FIG. 1 is a cross-sectional view of an air-cooled fuel cell according to an embodiment of the present invention, and FIG. 2 is a cross-sectional view of an air-cooled fuel cell according to another embodiment of the present invention. A cross-sectional plan view of the pond, Figure 3 is similar to Figures 1 and 2.
A cross-sectional plan view of a box-shaped heat pipe used in the air-cooled fuel cell shown in the figure, FIG. 4 is a cross-sectional view taken along the line A-A in FIG. 3, and FIG. 5 is a 9-cooled fuel cage with a conventional structure.

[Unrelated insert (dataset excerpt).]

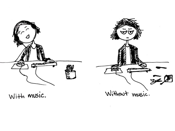 Piedmont continúa: «Escuchar música con auriculares puede ayudar a que la gente se mantenga concentrada y sientan que tienen su propio espacio en una oficina diáfana […] Hoy en día, es realmente fácil tener acceso a la música (normalmente está justo ahí, en tu teléfono o en tu ordenador y es gratis) y ese fácil acceso también puede ser la razón por la que vemos, cada vez más, a más personas escuchar música durante el día».

In the system diagram, cause a is ff? of the air-cooled fuel cell stack with the conventional structure. +View,
FIG. 7 is a perspective view of another air-cooled fuel cell stack having a conventional structure. 1: fuel cell stack, 2: box-shaped heat pipe, 3: cylindrical heat pipe, 4: heat exchange fin, 6: container (stack case). ↓ Figure 1 111 Figure 2 Figure 3 Figure 4

Claims (1)

[Scope of Claims] 1) A plurality of cylindrical heat pipes are made to protrude from at least one end surface of a box-shaped heat pipe formed in a rectangular shape to match the shape of a unit cell, and communicate with each of the box-shaped heat pipes, A plurality of heat exchange fins are attached to the outer periphery of the cylindrical heat pipe, and the box-shaped heat pipe is sandwiched between a fuel cell stack consisting of stacked unit cells, and this is housed in a container. An air-cooled fuel cell characterized in that hot air or cold air is sent in from one side, passed through the cylindrical heat pipe and heat exchange fins located in the ventilation duct of the container, and then exhausted from the other side of the container. 2) In the product described in claim 1, the box-shaped heat pipe is a rectangular one surrounded by a heat-uniforming plate, and the two opposing sides that contact the unit cells of the fuel cell stack are connected via a wick. An air-cooled fuel cell characterized by a structure supported by corrugated plates.